Across the country, about 20 per cent of current hospital bed capacity is used by "alternative level of care" patients, which means their acute-care needs have been met but there's nowhere for them to go.
On average, one alternative level of care patient occupying a bed in the emergency department denies access to four patients per hour, according to a 2005 report by the Canadian Association of Emergency Physicians.
"You could have an emergency department in your backyard but if it isn't of a certain standard of timeliness and quality then there's not much value in having it," Drummond said.
Alberta urgent care centres a 'victim of their own success'
In Alberta, urgent care centres have become "a victim of their own success," said Sandra Azocar, executive director of Friends of Medicare, a public health care advocacy group in Alberta.
An Alberta Health Services report in 2014 said the centres were struggling to keep up with demand. Azocar said they also have to compete for funding dollars.
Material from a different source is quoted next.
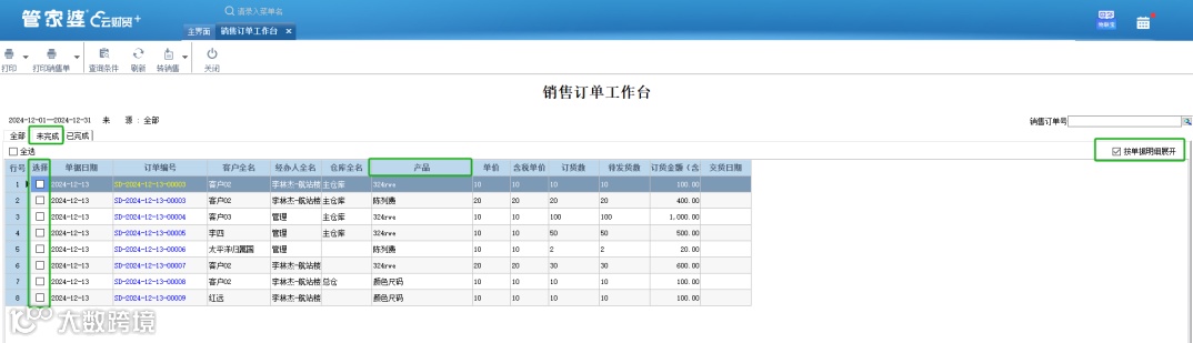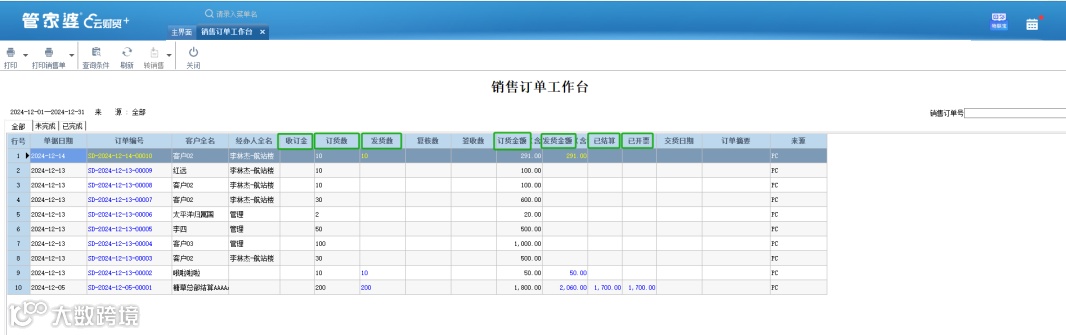 管家婆财贸ERP的销售订单工作台集成了从订货源头到销售开票的全链条跟踪功能,只需一张表,即可清晰展现订货数量、已发货数量、签收情况、收款金额、结算状态及开票状态。全面而详尽的信息展示,不仅让内勤人员能够轻松掌握销售动态,更能在关键时刻迅速响应客户需求,提升客户满意度。

"The government needs to ensure that if you are going to create that level of care that you do not leave it underfunded and these places are not competing necessarily with the resources that are being … allocated differently to the major hospitals," she said.
Although they can be a good alternative, Azocar said urgent care centres aren't tackling the root causes of ER wait times — including a lack of beds.
"We still have concerns about the other parts of the health-care system that ultimately impact the wait times in ERs," she said.
Brett Skinner, with the Canadian Health Policy Institute, says urgent care centres have shown success in areas with concentrated and dense populations.
But he's concerned about what might happen if the trend toward the centres expands to rural Manitoba.
"It's great if, once you can get to the emergency department, there is a lot of resources available to you as a result of the concentration of the delivery of services, and in one location the centralization of services," he said.
"But if it takes you a long time to get there sometimes that can have very serious consequences, and sometimes even fatal consequences."